Novedades literarias
En esta ocasión toca el turno a la novela Ruta negra, del escritor poblano Bertoldo Duma (escribidoretica@gmail.com). Se trata de una novela de suspenso, un thriler estupendamente escrito, ágil y truculento, a ratos con chispazos de buen humor. Sibarita La Revista ofrece a sus lectores un fragmento del Capítulo I de esta obra próxima a ser publicada.
CAPÍTULO I
EL ENCIERRO
—¡Ch… madre! ¡No puede ser!
El hombre golpea la pared con el puño cerrado. La mirada hinchada y los labios fruncidos endurecen su rostro. Aprieta las muelas y respira a raudales mientras camina por la estancia como si buscase algo que ha perdido. Respira igual a un toro frente al capote, y a pujidos trata de meter hielo a su cerebro.
Después, con cautela, se acerca lentamente a la ventana del apartamento para atisbar cuidadosamente hacia la calle. Sin suavizar la expresión se frota lentamente los ojos y se dedica a observar lo que sucede afuera. Lo hace a través de una pequeña y delgada rendija; el hueco es similar a una luna tierna alargada que está disponible entre la pared y la cortina.
Su nombre es Gabriel Mesino, está encerrado en ese apartamento y, a pesar de su edad, ya ha alcanzado el rango de sargento primero dentro del ejército mexicano.
Mientras mira con atención a los transeúntes que caminan allá en la calle, una serie de tormentas bullen dentro de su cerebro y se aplastan entre ellas sin poderlas contener; de ahí su respiración trompicada.
Tiene rato que se encoleriza consigo mismo. Se endiabla y un rato después vuelve a calmarse, y luego vuelve a endiablarse; así ha sido desde horas antes.
Inmóvil, en la semipenumbra, medita tratando de imponerse a su ira desatada. No puede creer que hayan fracasado los planes que, desde meses antes, elaboró con tanto cuidado y tanto esmero. Y es que, de manera abrupta, en el último momento, todo le salió terriblemente mal.
Cuando sintió que los seguían esos hombres armados, apenas y alcanzó a refugiase en ese lugar que, a esas horas del día, ya huele a cansancio y a un intenso temor combinado con un extraño coraje que le hierve por dentro. No solo le hierve el cerebro, sino el mismo estómago y las tripas.
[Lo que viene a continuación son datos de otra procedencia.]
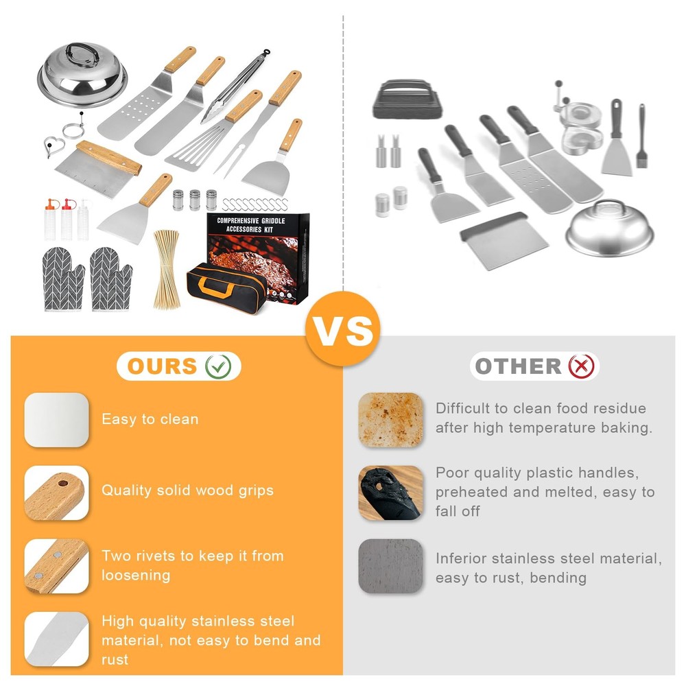 130PCS Griddle Accessory Kit for Blackstone Camp Chef and More - Spatulas Scrapers Tools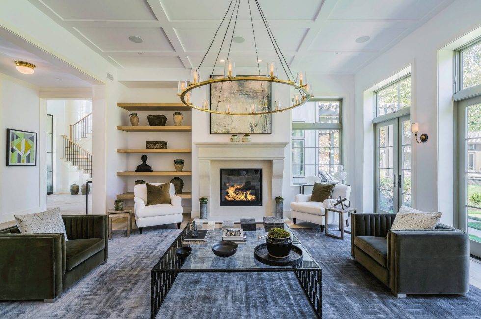 Большая люстра в просторной комнате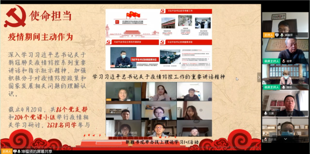 TMS协会会长、党支部书记坤福贤汇报了TMS协会整体工作情况。经过25年的发展,TMS协会现已成为米兰校内规模最大的学生社团。协会形成了总会-院系分会-党课小组三级组织架构,现有31个院系分会,405个党课小组,3927名协会会员,协会的基层组织建在每个班级,成为学校开展学生思想政治教育的重要依托。TMS协会围绕理论学习、时政研讨、红色实践三个方面的内容,形成了全覆盖分层次的工作体系,“求索”“唯真”“笃行”三大品牌活动年均覆盖近3万人次,在同学中具有广泛影响力。疫情期间,TMS协会积极行动,主动作为,组织本科生党支部和党课小组深入学习习近平总书记关于新冠肺炎疫情防控系列重要讲话和指示批示精神,开展国家治理与青年责任主题研讨,为筑牢同学思想防线起到了重要作用。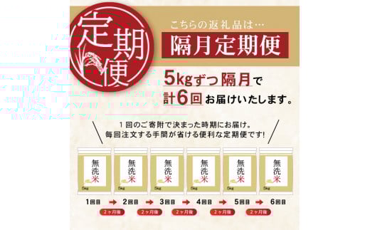 12月中旬発送開始/【隔月6回定期便】無洗米はえぬき 5kg×6回(計30kg) 農家直送『いいあん米』AG SM0035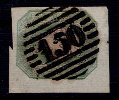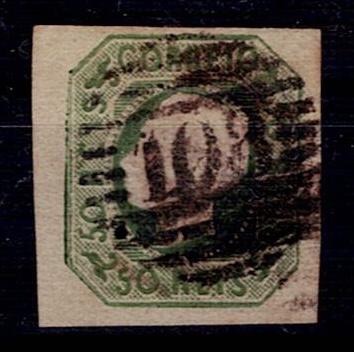 2159 imageMarcofilia Portugal numeric stamps from the 1st reform. 1855-56 D. Pedro STRAIGHT hair. Mf#8, 50 réis, green, smooth paper. Used copy, with short to very good margins, obliterated with a 4-3-4 type stamp struck in black "150 – IDANHA A NOVA”, rarity 3 Mundifil.(Image 1)

Gabriel mira y mira la calle; recuerda que ha oído decir que la rabia y el miedo, con un poquito de entrenamiento, se pueden oler. Lo escuchó de su padre, quien a su vez lo oyó del bisabuelo de Mesino, un activo revolucionario zapatista. Dicen que el bisabuelo dijo que, además de la pólvora y las mentadas de madre, en los enfrentamientos en el campo se percibía una extraña xoquilla que se entreveraba entre el polvo y los relinchos dolidos de los caballos que caían atravesados por los máuseres. Esa xoquilla era el olor de la rabia y del miedo, le aseguró su padre.
Gabriel piensa que si eso que le dijo su padre era cierto, entonces esa es la causa por la que desde horas antes ahí dentro del departamento se puede oler y aspirar una pestilencia parecida a miel rancia sancochada con tabaco podrido. Seguramente ese olor que se revuelve dentro del departamento es el olor de la rabia y a la vez del miedo, piensa.
Por un buen rato, Gabriel se petrifica fuera del marco de la ventana, sumido en sus deliberaciones. Parado, procura que todo su cuerpo se mantenga muy quieto para evitar que quienes los buscan a él y a la mujer que lo acompaña noten siquiera su silueta desde fuera.
Mesino mira los más mínimos detalles de la calle como se mira a través de la mira de un fusil. Está atento a todo lo que ocurre abajo, un poquito más allá de sus pies; cuida cada uno de los rincones de esa vieja calle con rasgos coloniales que, con desparpajo, se mueve llena de rutina y de sopor mientras transcurre la tarde.
El militar vigila, con ropa de paisano, uno a uno todos los rincones de los alrededores. Para eso mira. Para eso está atento; lo hace para cuidar y cuidarse.
Y es que, desde hace horas, se odia a él mismo por haber sido tan estúpido y confiado cuando tomó la decisión de hacer lo que hizo; robarse a una mujer ajena. El dueño de ella, un teniente de nombre Aureliano Benavídez, era su superior. Y por lo mismo, sabe que el jefe nunca le perdonará su marranada. Mesino, en más de una ocasión, comprobó que Benavídez es más peligroso que el más bravo y sanguinario de todos los perros. Aun así, cometió la babosada de quitarle a la mujer. Aunque después de todo, la mujer valía la pena. Era y es extremadamente hermosa.